BEGIN
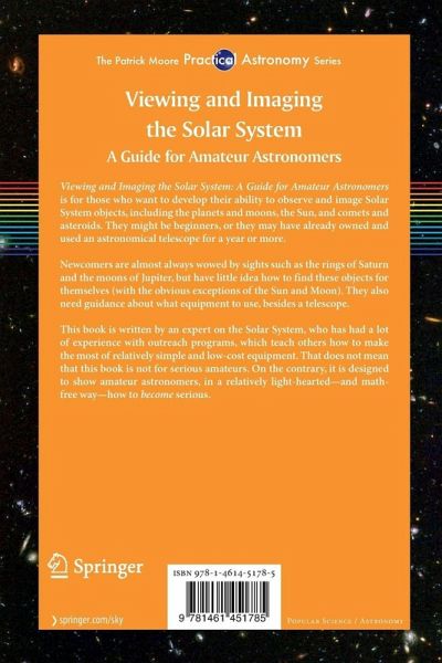 This book is written by an expert on the Solar System, who has had a lot of experience with outreach programs, which teach others how to make the most of relatively simple and low-cost equipment. That does not mean that this book is not for serious amateurs. On the contrary, it is designed to show amateur astronomers, in a relatively light-hearted-and math-free way-how to become serious.
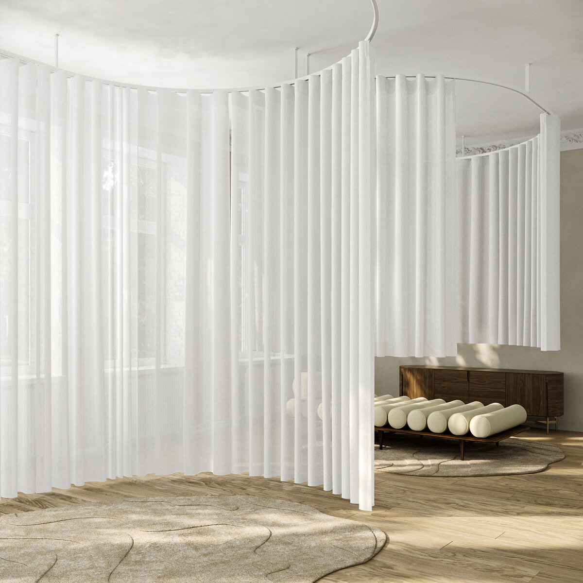 Three-dimensional fabric that is subtle and voluminous. The harmonious texture of our NOE fabric creates an atmosphere of serenity in any room. The airflow finish gives the transparent fabric softness and volume. Other key features include the 3D weaving technique, recycled polyester, and the easy-care experience.
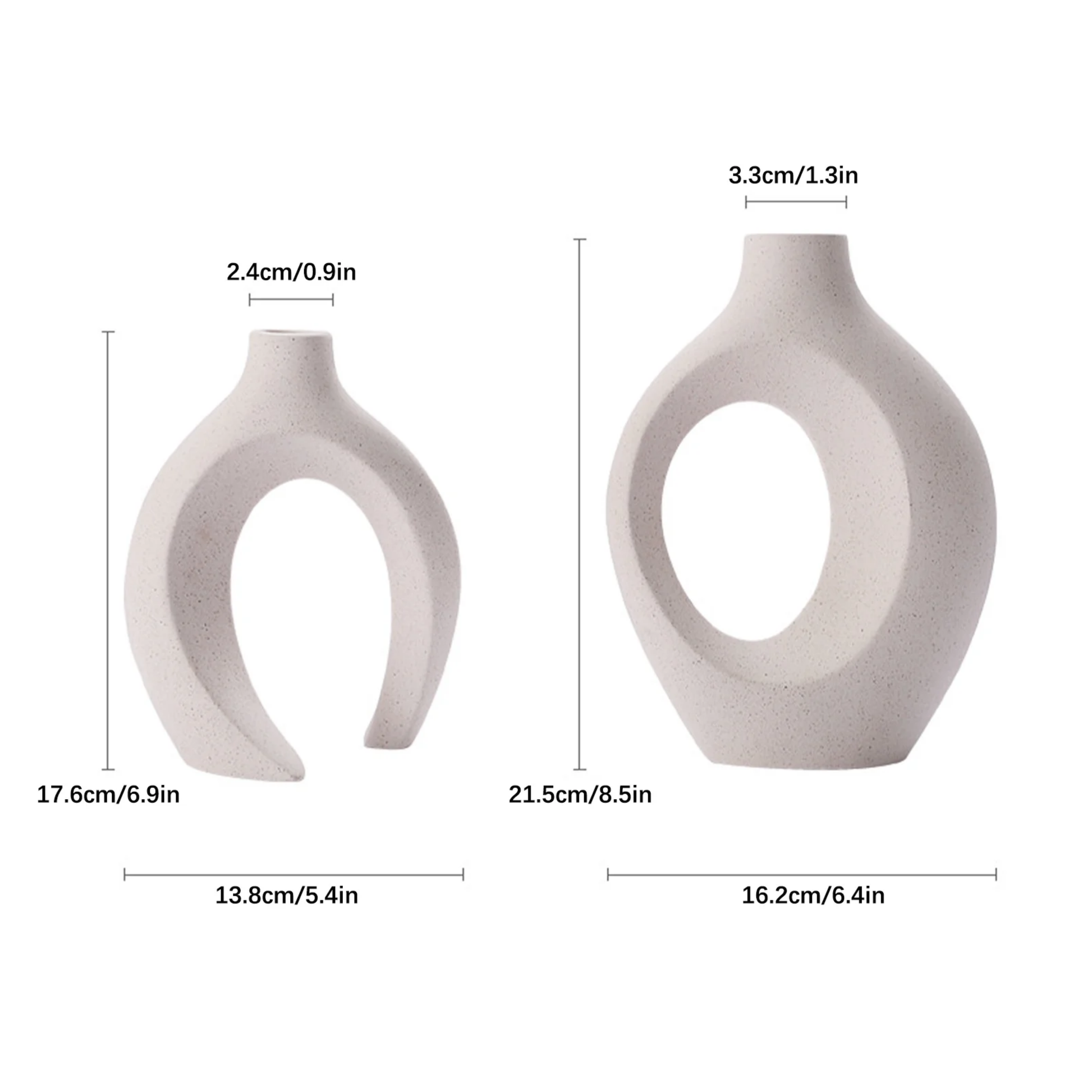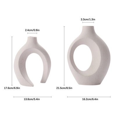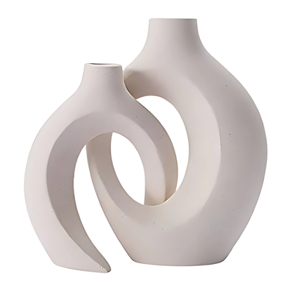 Set de dos floreros decorativos de cerámica entrelazados con opción de usar por separado de color hueso.
END
> **Task description**: Repeat the data exactly in full, omitting its pictures.

> **Written answer**:
 This book is written by an expert on the Solar System, who has had a lot of experience with outreach programs, which teach others how to make the most of relatively simple and low-cost equipment. That does not mean that this book is not for serious amateurs. On the contrary, it is designed to show amateur astronomers, in a relatively light-hearted-and math-free way-how to become serious.
 Three-dimensional fabric that is subtle and voluminous. The harmonious texture of our NOE fabric creates an atmosphere of serenity in any room. The airflow finish gives the transparent fabric softness and volume. Other key features include the 3D weaving technique, recycled polyester, and the easy-care experience.
 Set de dos floreros decorativos de cerámica entrelazados con opción de usar por separado de color hueso.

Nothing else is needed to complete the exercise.